「迎えにきてくれるのは嬉しいけど……せめて喫茶店とか、暖かいところで待っててくれていいのに」
「別にこれくらいへっちゃらだよ。それに、迎えに行ける時はきちんと連絡を入れてるんだから。それなら問題ないよね?」
黒瀬くんとお付き合いをするよりも前、あれは十一月のことだったか――前に一度だけ残業で遅くなってしまった時、それを知らない黒瀬くんに二時間も待ちぼうけをさせてしまったことがあった。
もちろん私も、黒瀬くんが迎えに来てくれていたなんて知らなかったから、会社を出て、ガードレールに腰掛けている黒瀬くんを見つけた時はすごく驚いた。

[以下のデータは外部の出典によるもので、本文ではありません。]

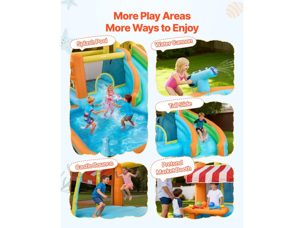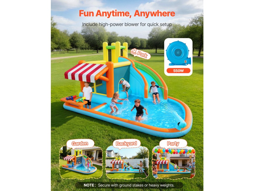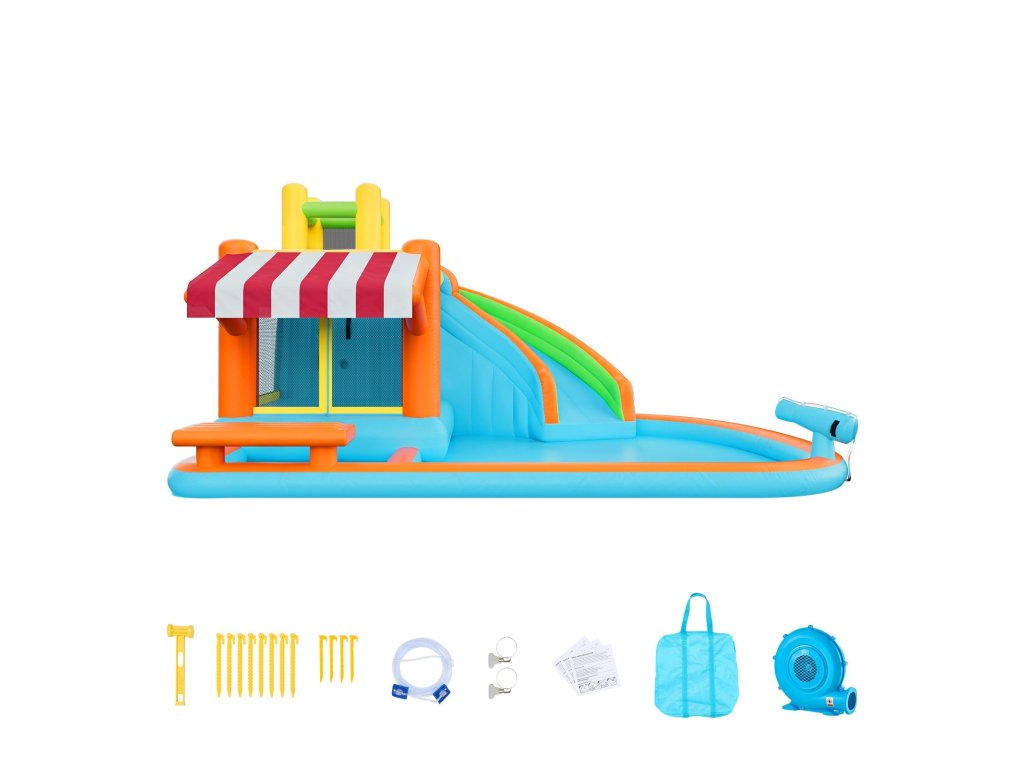Az egyedi kialakításnak köszönhetően a felfújható ugrálóvár csúszdával alkalmas születésnapi partikra, családi összejövetelekre és nyári udvari rendezvényekre. Folyamatos ugrálást, csúszdázást és kreatív játékot kínál, sok aktív szórakozást nyújtva a gyerekeknek, miközben kellemes pillanatokat szerez a barátokkal és a családdal.

そんなことがあったから、迎えにきてくれる時にはせめて事前に連絡をしてほしいとお願いしている。
「それに……」
黒瀬くんに、さらりと左手を取られる。
「こうして百合子さんと手を繋ぐ口実ができるからね」
「そんなの……」
――口実なんてなくたって、いつだって繋いでくれていいのに。
「……手、冷たい」
「うん。だから百合子さんがあっためて」
黒瀬くんは自分の首に巻いていたマフラーをとって、私の首に巻き付けてくる。